Question

How do you solve for $x$ in $\cos \left( -100 \right)=\cos \left( 55 \right)\cos x+\sin \left( 55 \right)\sin x$?

Answer 1

We can easily contract the right hand side of the above equation as it is a trigonometric expansion. For this we need to use the trigonometric identity $\cos \left( A-B \right)=\cos A\cos B+\sin A\sin B$, by which the RHS will get reduced to a cosine term. The LHS is also a cosine term, so the equation obtained can be solved by using the general solution of $\cos \theta =\cos \alpha$ which is given by $\theta =2n\pi \pm \alpha$, $n\in Z$.
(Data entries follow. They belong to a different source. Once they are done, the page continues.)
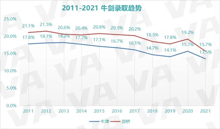 根据牛津、剑桥近年来的申请数据及录取率,会发现牛剑申请也是越来越卷,整体录取率呈下降趋势。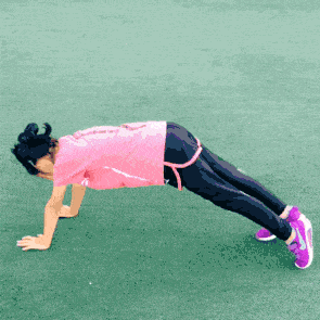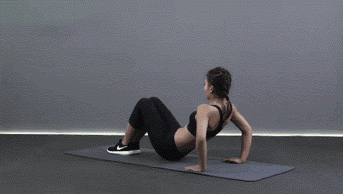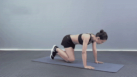 动作要点:腹部持续紧张,躯干与腿部在同一直线上,大臂垂直地面支撑,手肘尽量靠近膝盖。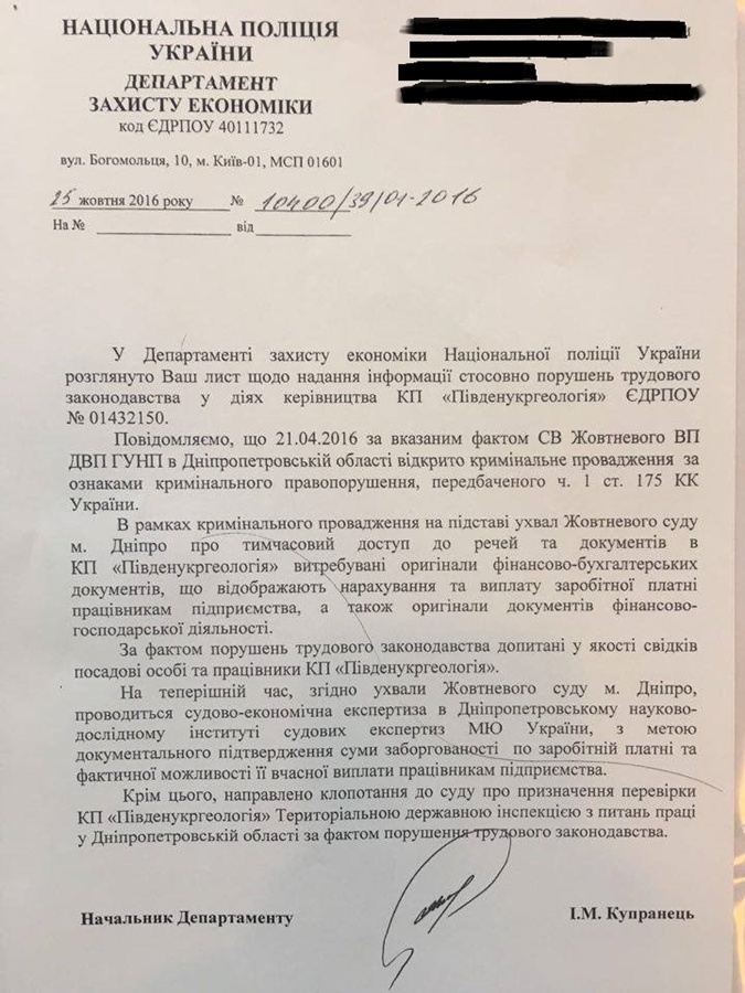 Также Жовтневим ВП ДВП ГУПН в Днепропетровской области осуществляется досудебное расследование в уголовном производстве №120160406500011716 от 21.04.2016 по признакам состава преступления, предусмотренного ч.1 ст.175 УК Украины. А это безосновательная невыплата заработной платы, содеянная преднамеренно.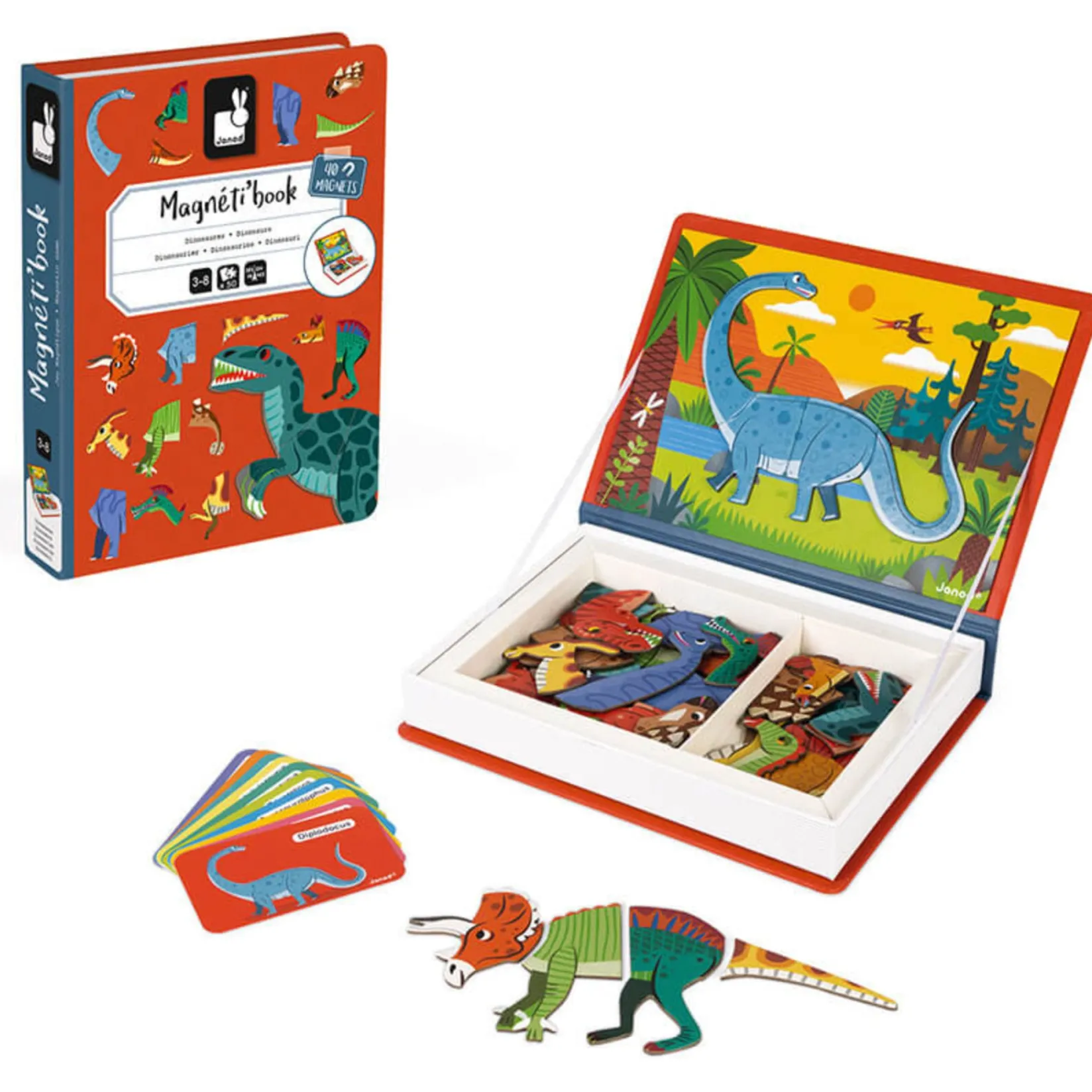 -This cardboard game takes children aged 3 and up into the world of dinosaurs with 40 magnets and 10 cards showing the dinosaur’s name in Latin.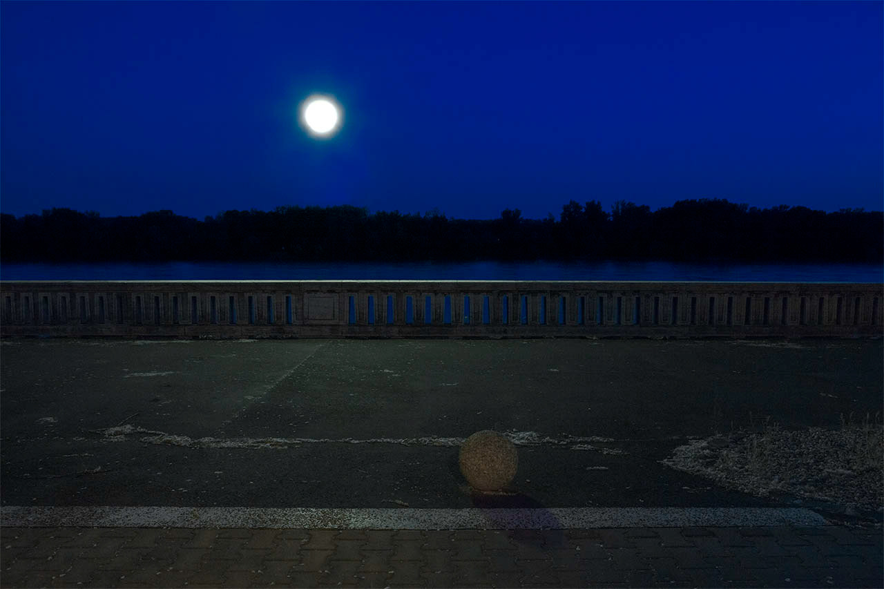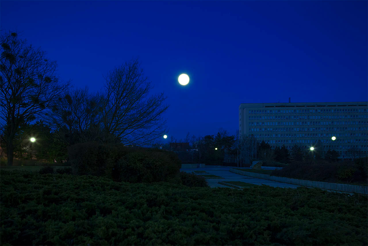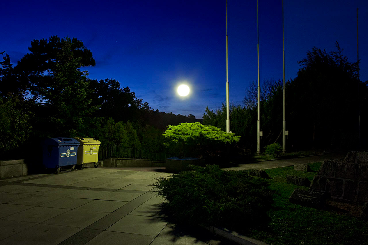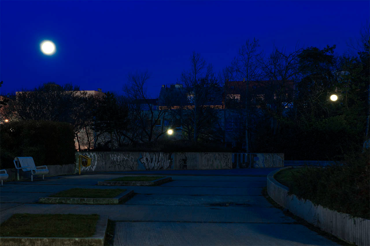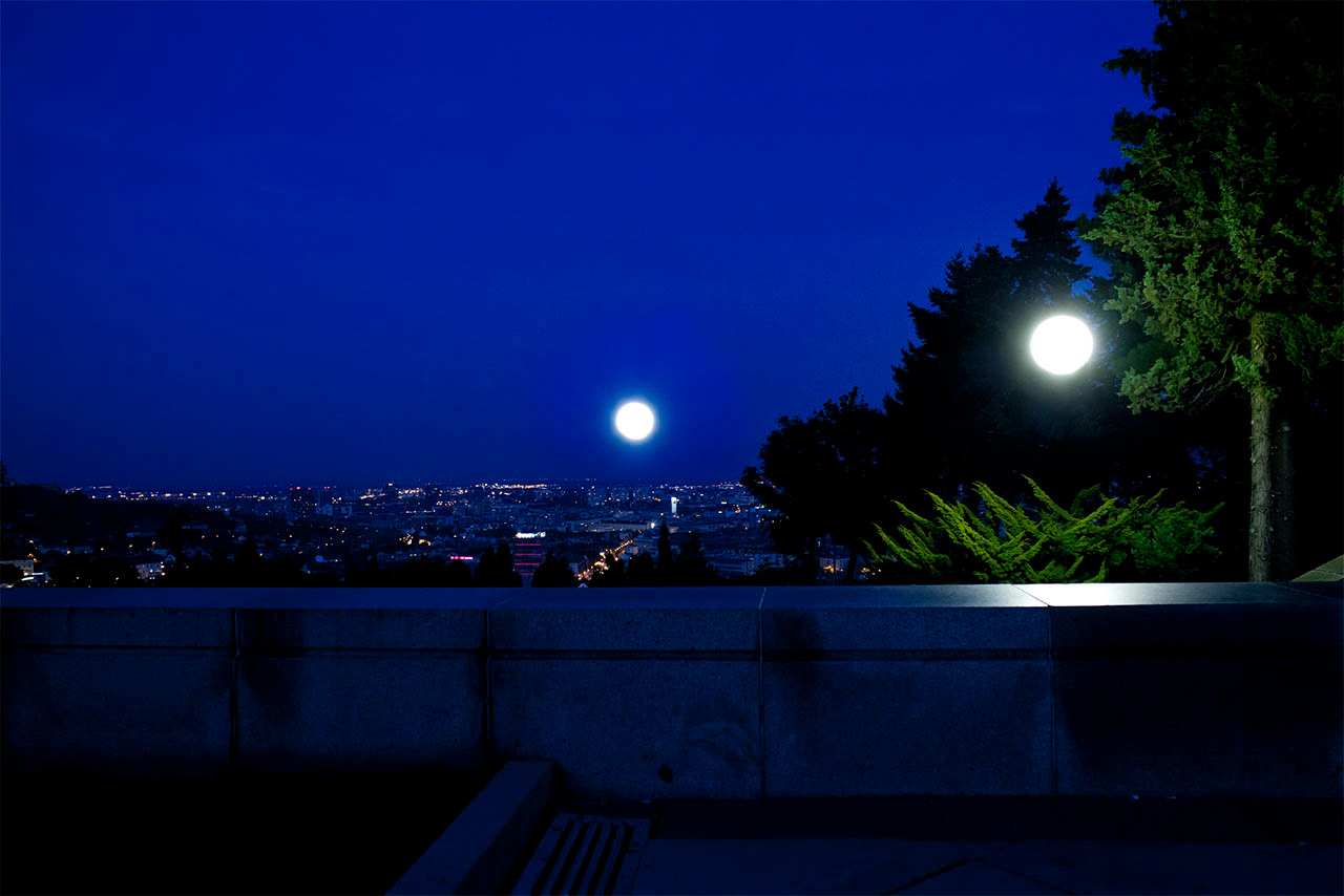 At night, I often mistake the street lamps for the moon. I kept the original location of the lighting, I just removed the columns. One photo shows the moon in its actual position at the time the photo was taken. Can you guess which moon is real?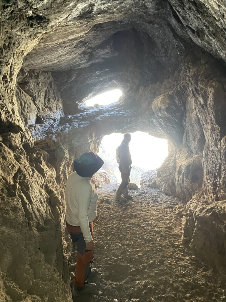 Spéléologie : Laurent Bruxelles, Véronique Olivier et Philippe Auriol ont visité plusieurs cavités pour étayer le mode de formation des grottes, des relevés stratigraphiques ont été dressés. La visite de Waxhou Sud a permis la découverte d’un babouin momifié en bas d’un aven piège, à – 50 m au pied d’un talus de sédiments. Il a été scanné dans sa position initiale, la même que Little foot, l’australopithèque découvert en 1997 à Sterkfontein. Le babouin a été sorti de la cavité en duo par temps bien sec pour qu’il n’y ait pas de reprise de pourriture à la sortie du gouffre. Philippe a levé le corps et Véro a assuré son transport. La momie a été présentée sur le campus éphémère de la mission avant de partir pour être exposé au musée d’histoire naturelle de Gaborone et ainsi documenter l’intérêt des avens pièges dans la recherche des fossiles.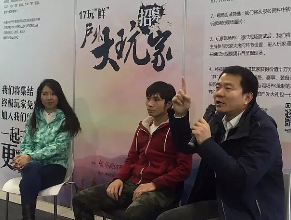 在國家會議中心正在召開的ISPO BEIJING展會2.216思凱樂展廳里,眾多玩家與媒體、嘉賓聚焦節(jié)目,節(jié)目將分為“戶外大玩家”招募、“玩家”現(xiàn)場PK、“玩家”線路直播三個階段呈現(xiàn),啟動發(fā)布現(xiàn)場,“戶外大玩家”招募活動正式開啟。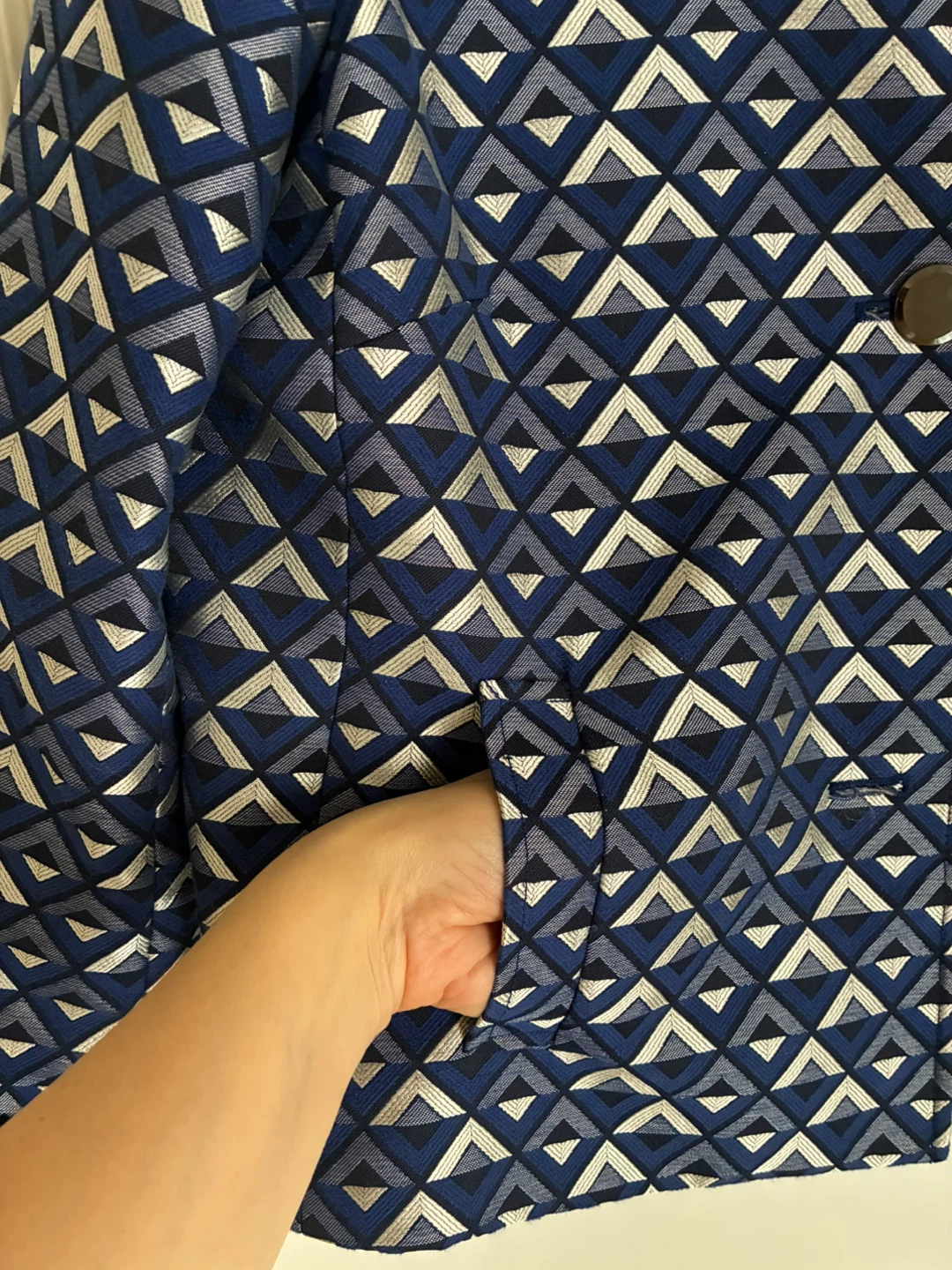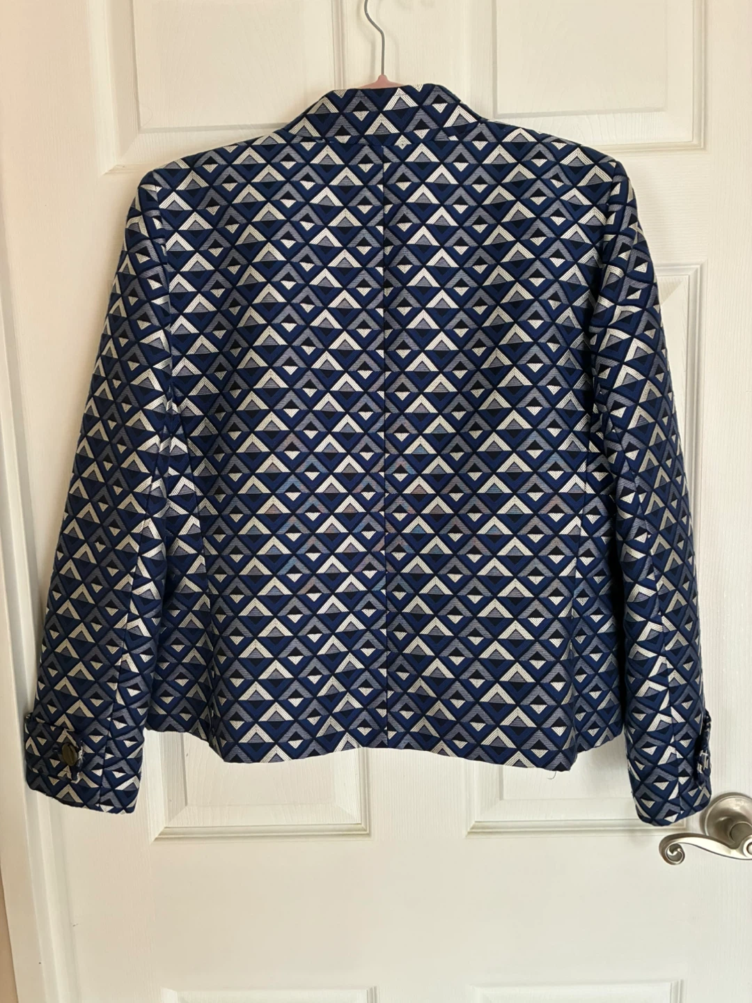 Kasper blazer in a striking blue, silver, and white geometric pattern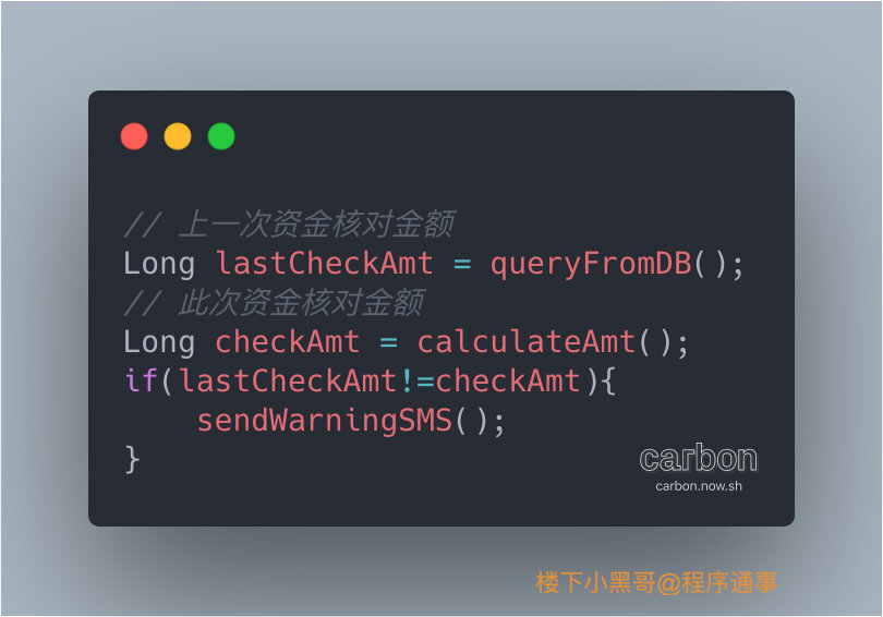春节假期,还躺在床上小黑哥,收到对账系统的一条预警短信,提示当前系统资金核对存在问题。关于资金的问题,都是大问题,小黑哥连忙拔出电脑,连上 VPN,登录生产环境的查看相关日志。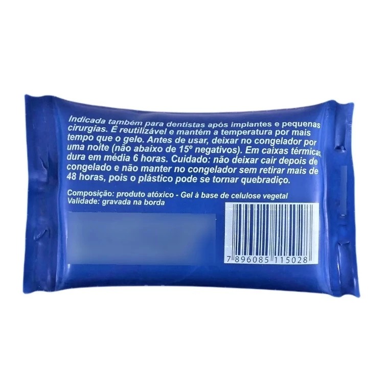 TAMANHO P - 150ML DIMENSOES: 8cmx13,5cm O Gelo Reutilizável Flexível Gelo-X da Termo gel substitui o gelo comum com vantagens: - Permanece mais tempo congelado, e reutilizável, mantem a temperatura por mais tempo que o gelo, nao molha ao descongelar e seu conteúdo e um gel atóxico. - E usado para transporte e conservação de produtos que exigem refrigeração em caixas térmicas. Embalagem Flexível em PVC. - Indispensável para o transporte de vacinas, insulina e outros medicamentos que exijam refrigeração. - Transporte de leite materno/mamadeiras (pode ser utilizado dentro da frasqueira) - Indicado também em odontologia após implantes e pequenas cirurgias. - Muito útil também em campings e pescarias, para transporte de alimentos e bebidas em caixas térmicas.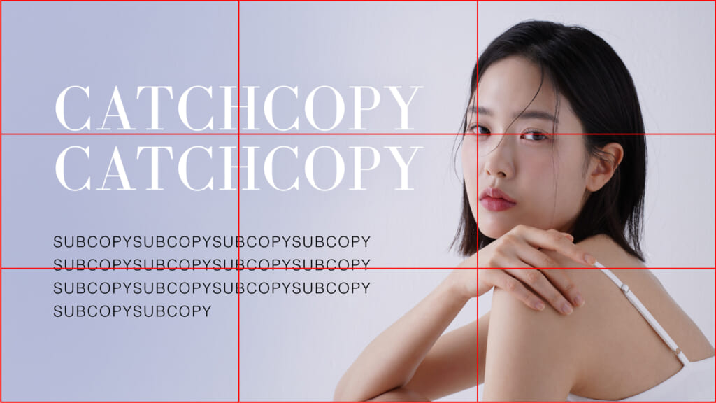 例えば、「人物写真がどーんと配置されていて、それでいてキャッチコピーやサブコピーもちゃんと見せたい」という理想を掲げて画像(またはメインビジュアル)を制作しようとしたとします。

Complete step by step solution:
The equation given in the above question is
$\cos \left( -100 \right)=\cos \left( 55 \right)\cos x+\sin \left( 55 \right)\sin x$
We can see that in the right hand side of the above equation, a trigonometric expansion is written. So we can contract it to simplify the RHS of the above equation by using the trigonometric identity given by
$\begin{aligned} & \Rightarrow \cos \left( A-B \right)=\cos A\cos B+\sin A\sin B \\\ & \Rightarrow \cos A\cos B+\sin A\sin B=\cos \left( A-B \right) \\\ \end{aligned}$
Substituting $A=55$ and $B=x$ in the above identity, we get
$\Rightarrow \cos \left( 55 \right)\cos x+\sin \left( 55 \right)\sin x=\cos \left( 55-x \right)$
Substituting this in the given equation, we get
$\begin{aligned} & \Rightarrow \cos \left( -100 \right)=\cos \left( 55-x \right) \\\ & \Rightarrow \cos \left( 55-x \right)=\cos \left( -100 \right) \\\ & \Rightarrow \cos \left( -\left( x-55 \right) \right)=\cos \left( -100 \right) \\\ \end{aligned}$
Now, we know that $\cos \left( -A \right)=\cos A$. So the above equation can also be written as
$\Rightarrow \cos \left( x-55 \right)=\cos \left( 100 \right)$
Now, we know that the general solution of the equation $\cos \theta =\cos \alpha$ is given by $\theta =2n\pi \pm \alpha$. Where $n\in Z$. This means that the solution of the above equation can be given by
$\Rightarrow x-55=2n\pi \pm 100$
Adding $55$ on both the sides, we finally get the solution as
$\begin{aligned} & \Rightarrow x-55+55=2n\pi \pm 100+55 \\\ & \Rightarrow x=2n\pi \pm 155 \\\ \end{aligned}$
Hence, the solution of the given equation is $x=2n\pi \pm 155$, $n\in Z$.

Note:
We may be tempted to solve the equation $\cos \left( x-55 \right)=\cos \left( 100 \right)$, which is obtained in the above solution by equating the arguments of both the cosine terms. But that will give us only a single solution of the given equation. We must remember that since the trigonometric functions are periodic functions, infinitely many solutions of a trigonometric equation can exist. So the infinitely many solutions of a trigonometric equation are always written in terms of $n$, an arbitrary integer.